Morphine Sulfate (Page 3 of 6)


The following serious adverse reactions are described, or described in greater detail, in other sections:

Addiction, Abuse, and Misuse [ see Warnings and Precautions (5.1)]

Life-Threatening Respiratory Depression [ see Warnings and Precautions (5.2)]

Neonatal Opioid Withdrawal Syndrome [ see Warnings and Precautions (5.3)]

Interactions with Benzodiazepine or Other CNS Depressants [ see Warnings and Precautions (5.4)]

Adrenal Insufficiency [ see Warnings and Precautions (5.7)]

Severe Hypotension [ see Warnings and Precautions (5.8)]

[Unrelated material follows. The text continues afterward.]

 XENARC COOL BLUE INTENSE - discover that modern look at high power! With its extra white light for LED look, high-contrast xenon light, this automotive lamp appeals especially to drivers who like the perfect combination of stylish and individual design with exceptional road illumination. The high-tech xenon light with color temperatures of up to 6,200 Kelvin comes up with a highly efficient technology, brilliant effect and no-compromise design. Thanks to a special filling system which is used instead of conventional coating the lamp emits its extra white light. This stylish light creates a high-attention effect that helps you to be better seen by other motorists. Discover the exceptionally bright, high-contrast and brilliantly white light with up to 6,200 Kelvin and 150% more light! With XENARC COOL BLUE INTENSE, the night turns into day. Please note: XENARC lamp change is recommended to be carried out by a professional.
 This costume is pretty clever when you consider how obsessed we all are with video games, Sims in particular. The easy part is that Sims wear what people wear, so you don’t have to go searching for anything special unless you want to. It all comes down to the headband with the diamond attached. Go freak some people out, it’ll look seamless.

Gastrointestinal Adverse Reactions [ see Warnings and Precautions (5.10)]

Seizures [ see Warnings and Precautions (5.11)]

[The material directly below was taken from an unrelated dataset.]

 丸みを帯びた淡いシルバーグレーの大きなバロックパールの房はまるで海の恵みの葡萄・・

Withdrawal [ see Warnings and Precautions (5.12)]

The following adverse reactions associated with the use of morphine were identified in clinical studies or postmarketing reports. Because some of these reactions were reported voluntarily from a population of uncertain size, it is not always possible to reliably estimate their frequency or establish a causal relationship to drug exposure.

Serious adverse reactions associated with morphine use included: respiratory depression, apnea, and to a lesser degree, circulatory depression, respiratory arrest, shock and cardiac arrest.

The common adverse reactions seen on initiation of therapy with morphine were dose-dependent and were typical opioid-related adverse reactions. The most frequent of these included: constipation, nausea, and somnolence. Other commonly observed adverse reactions included: lightheadedness, dizziness, sedation, vomiting, and sweating. The frequency of these events depended upon several factors including clinical setting, the patient’s level of opioid tolerance, and host factors specific to the individual.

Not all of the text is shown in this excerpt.